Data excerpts
--------
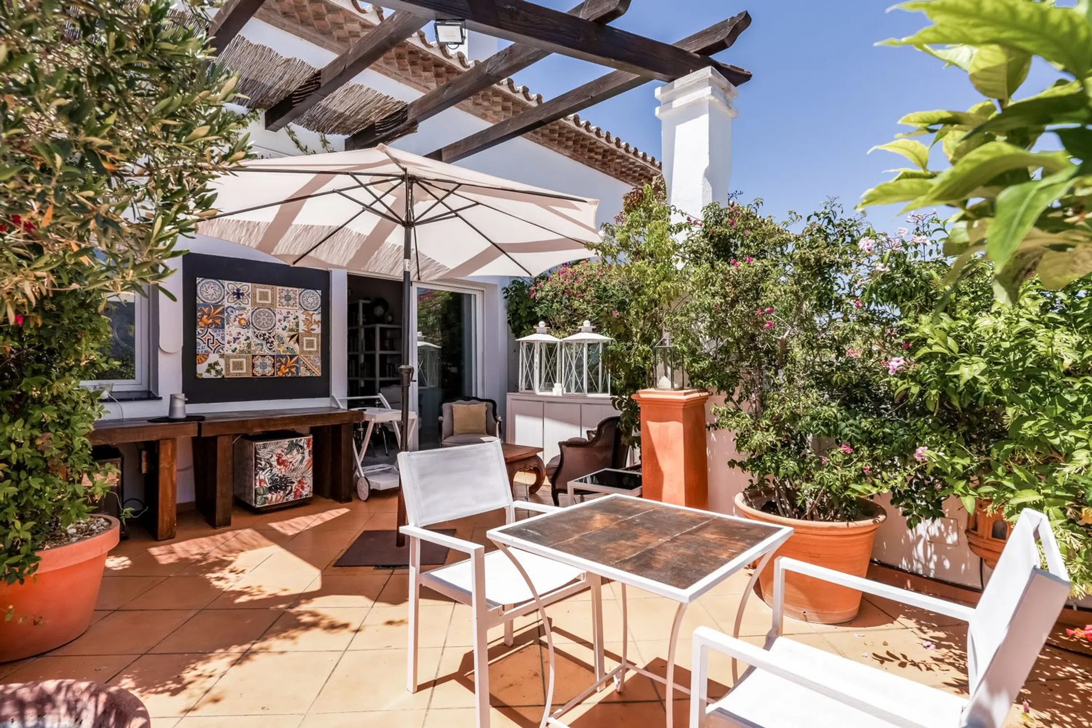 Increíble propiedad única en el corazón de Nueva Andalucía. Perfectamente situado, la propiedad cuenta con impresionantes vistas de La Concha y ofrece un tranquilo retiro con una terraza muy grande con encantadores árboles de limón. El diseño de esta propiedad es abierto y agradable. A la izquierda, un amplio salón con una gran chimenea crea un ambiente cálido y elegante. Adjacent es una cocina totalmente equipada y una zona de lavandería al aire libre. Este lado de la propiedad también cuenta con un confortable dormitorio, ideal para los huéspedes o la familia. En el lado derecho de la entrada, encontrará dos dormitorios adicionales bien designados y un aseo de invitados. Balcones en cada lado de la propiedad, con árboles de limón, así como ventanas de ático, proporcionan abundante luz natural y una conexión encantadora con el exterior. Otras características incluyen: 1 o 2 plazas de aparcamiento, acceso a una piscina comunitaria bien mantenida, a poca distancia de tiendas, clubes de tenis, supermercados, restaurantes y el vibrante Puerto Banús. Y por supuesto, todos los dormitorios tienen baños en suite. La propiedad ofrece una gran flexibilidad, con la opción de dividirla en dos residencias separadas si se desea. Ya sea como una lujosa casa familiar, una propiedad de inversión, o una combinación de ambos, esta propiedad presenta encanto, versatilidad y potencial infinito en una ubicación privilegiada.
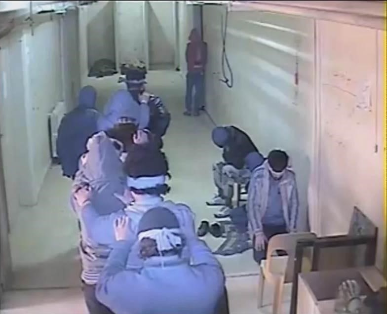 Görüntülerde gözleri ve elleri bağlı olan mahkumların sopalarla dövüldüğü, filistin askısıyla tavana asıldıkları, kolları arkadan bağlı, gözleri kapalı mahkumların zorla yürüdüğü görülüyor.
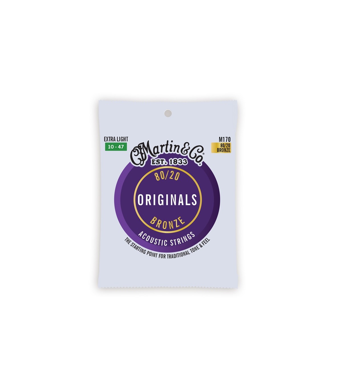 M170 è il set di corde extra light per chitarra acustica in bronzo 80/20 della serie "Martin Originals" con scalatura 10-47. Le Martin Originals sono la versione aggiornata delle storiche SP, con un costo contenuto, ideali per sessioni di registrazione e per l'utilizzo sul palco.
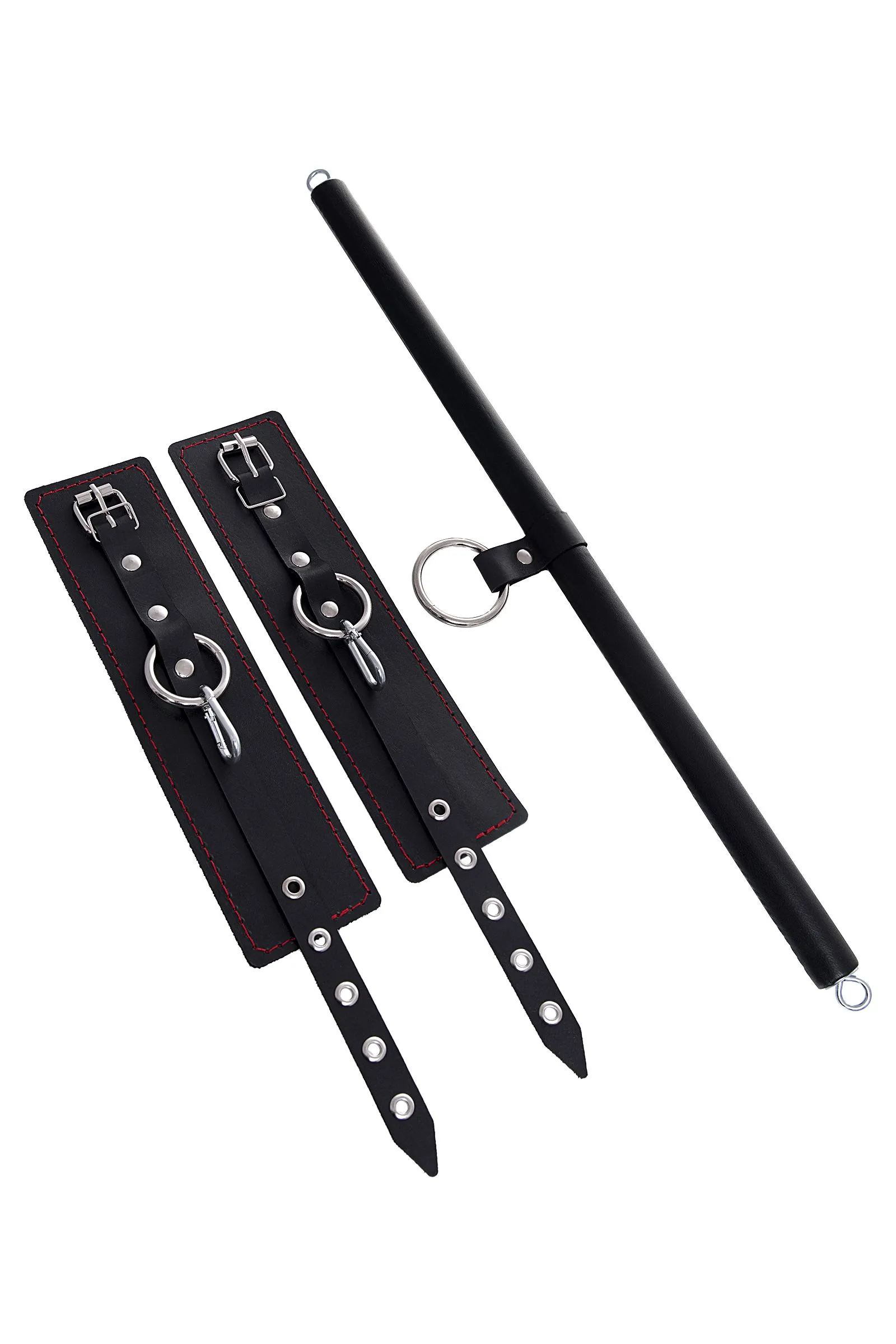 Бондажный набор Pecado BDSM, 3 точки фиксации, распорка, оковы, натуральная кожа, черный
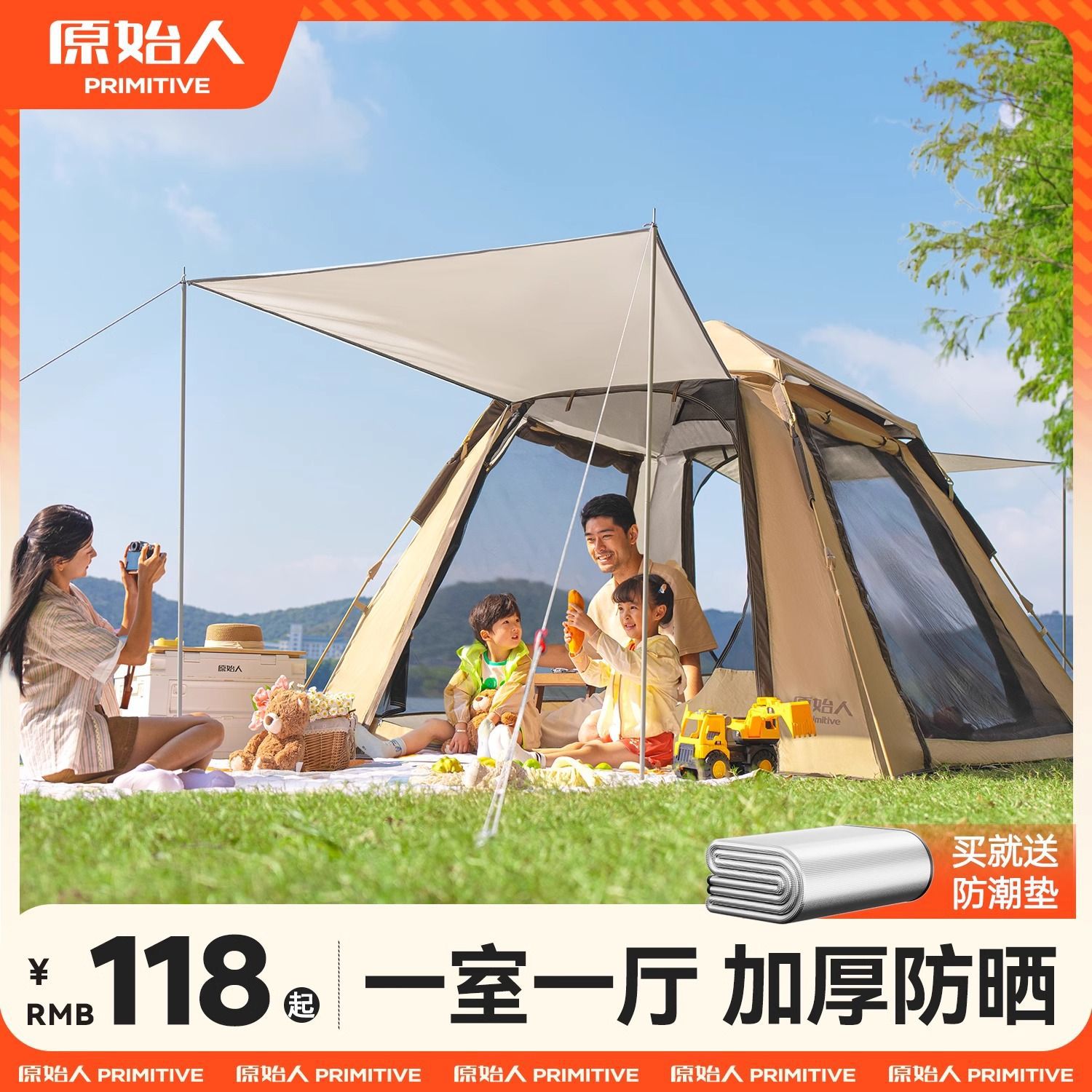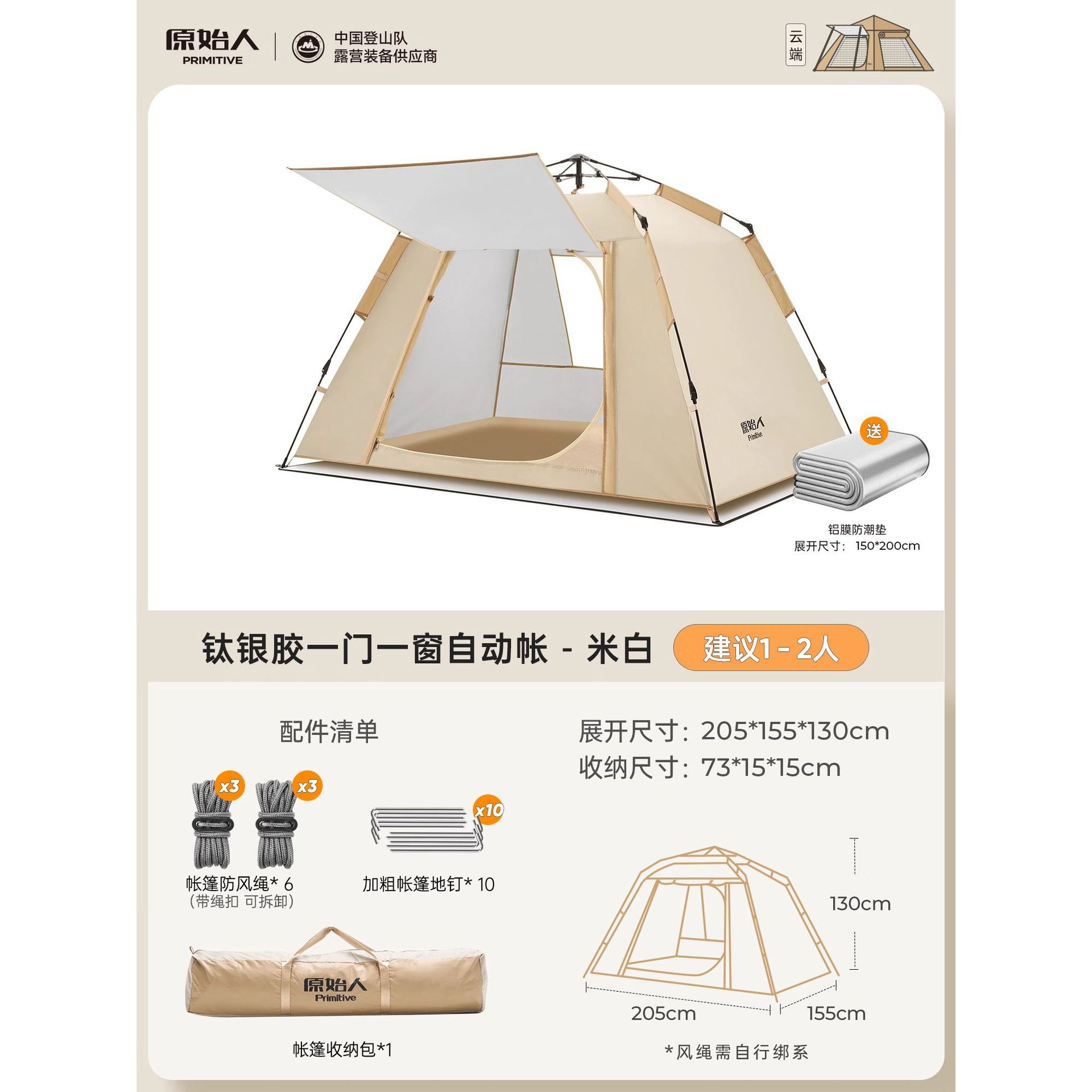 원시 텐트 블랙 접착제 야외 휴대용 자동 필드 캠핑 장비 전체 세트 야영 밤새 두꺼운 비방스토어 가기
--------
Exercise directions:
From the records above, give again only the part that opens with the line containing "M170 è il set" and closes with the line containing "Бондажный набор Pecado". Keep both ends but drop the pictures.

Solution to this exercise:
 M170 è il set di corde extra light per chitarra acustica in bronzo 80/20 della serie "Martin Originals" con scalatura 10-47. Le Martin Originals sono la versione aggiornata delle storiche SP, con un costo contenuto, ideali per sessioni di registrazione e per l'utilizzo sul palco.
 Бондажный набор Pecado BDSM, 3 точки фиксации, распорка, оковы, натуральная кожа, черный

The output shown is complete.